_Exercise_
Pictures are to be left out, and only the lines from the one with "Embroidered Roman Numeral" through the last line of the listing below are to be repeated exactly.

_Input data_
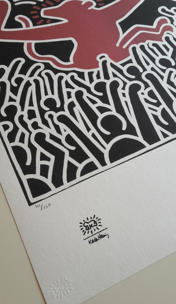 Keith Haring (after) Lithograph after the 1985 original 'Untitled'. Signed in the plate and numbered 111/150. Certified with embossed stamp and ink stamp of 'The Keith Haring Foundation'. Dimensions: 50*70 cm
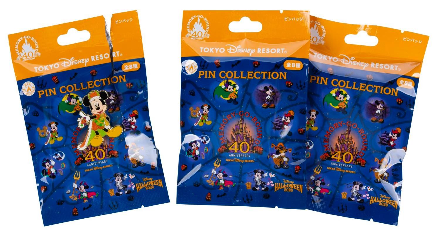 (Tokyo Disney, 2023) Three Memory-Go-Round Halloween blind bag pins released during the Tokyo Disney Resort's 40th anniversary, featuring Mickey Mouse in different costumes. The 1.5" pins are in fine condition, with two sealed and one open, featuring Mickey in a King Costume.
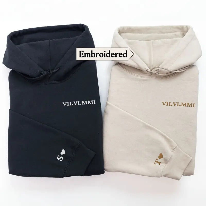 Embroidered Roman Numeral Valentine's Day Hoodie, Personalized Date Sweatshirt, Matching Couple Hoodies, Romantic Valentine's Sweatshirts
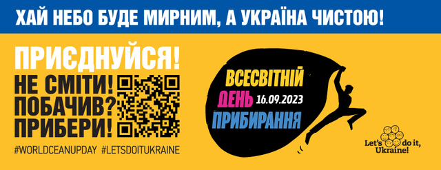 16 вересня 2023 року під гаслом «Хай небо буде мирним, а Україна чистою!» у 24 регіонах з дотриманням обмежень воєнного часу, враховуючи норми безпеки та географічні особливості регіонів, Україна традиційно приєднається до Всесвітнього дня прибирання «World Cleanup Day» разом з 70 мільйонами учасників у 191 країні Світу.
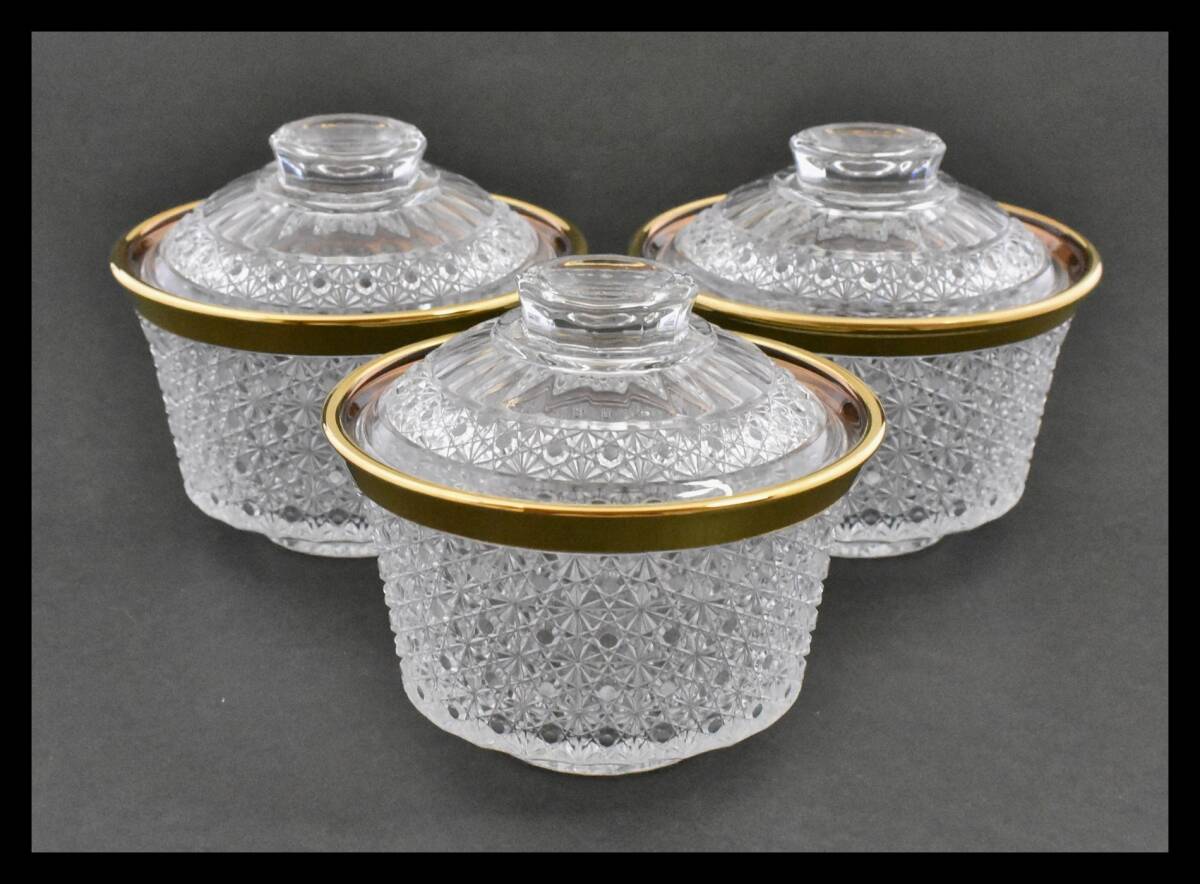 - ▲楠廸庵▲義山菊籠目縁金蓋物(3客入)長寿作 ガラス 茶道具
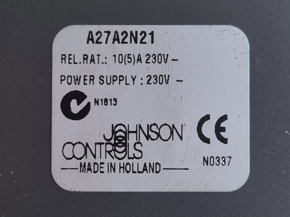 Used Johnson Controls A27A2N21 controller. Power supply: 230V.
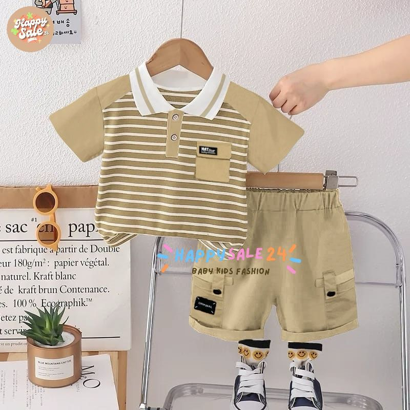 SETELAN ANAK KERAH SALUR CELANA PENDEK USIA 1-5 TAHUN PAKAIAN ANAK LAKI-LAKI BAJU ANAK KEKINIAN SETELAN ANAK IMPORT
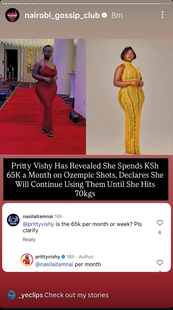 Pritty Vishy is still on her journey of achieving a very admirable body shape and figure, after spending over Ksh.400,000 on butt surgery, Pritty Vishy is now on the weight loss journey, she spends Ksh.65,000 monthly paying for Ozempic weight loss shots.

_Answer box_
 Embroidered Roman Numeral Valentine's Day Hoodie, Personalized Date Sweatshirt, Matching Couple Hoodies, Romantic Valentine's Sweatshirts
 16 вересня 2023 року під гаслом «Хай небо буде мирним, а Україна чистою!» у 24 регіонах з дотриманням обмежень воєнного часу, враховуючи норми безпеки та географічні особливості регіонів, Україна традиційно приєднається до Всесвітнього дня прибирання «World Cleanup Day» разом з 70 мільйонами учасників у 191 країні Світу.
 - ▲楠廸庵▲義山菊籠目縁金蓋物(3客入)長寿作 ガラス 茶道具
 Used Johnson Controls A27A2N21 controller. Power supply: 230V.
 SETELAN ANAK KERAH SALUR CELANA PENDEK USIA 1-5 TAHUN PAKAIAN ANAK LAKI-LAKI BAJU ANAK KEKINIAN SETELAN ANAK IMPORT
 Pritty Vishy is still on her journey of achieving a very admirable body shape and figure, after spending over Ksh.400,000 on butt surgery, Pritty Vishy is now on the weight loss journey, she spends Ksh.65,000 monthly paying for Ozempic weight loss shots.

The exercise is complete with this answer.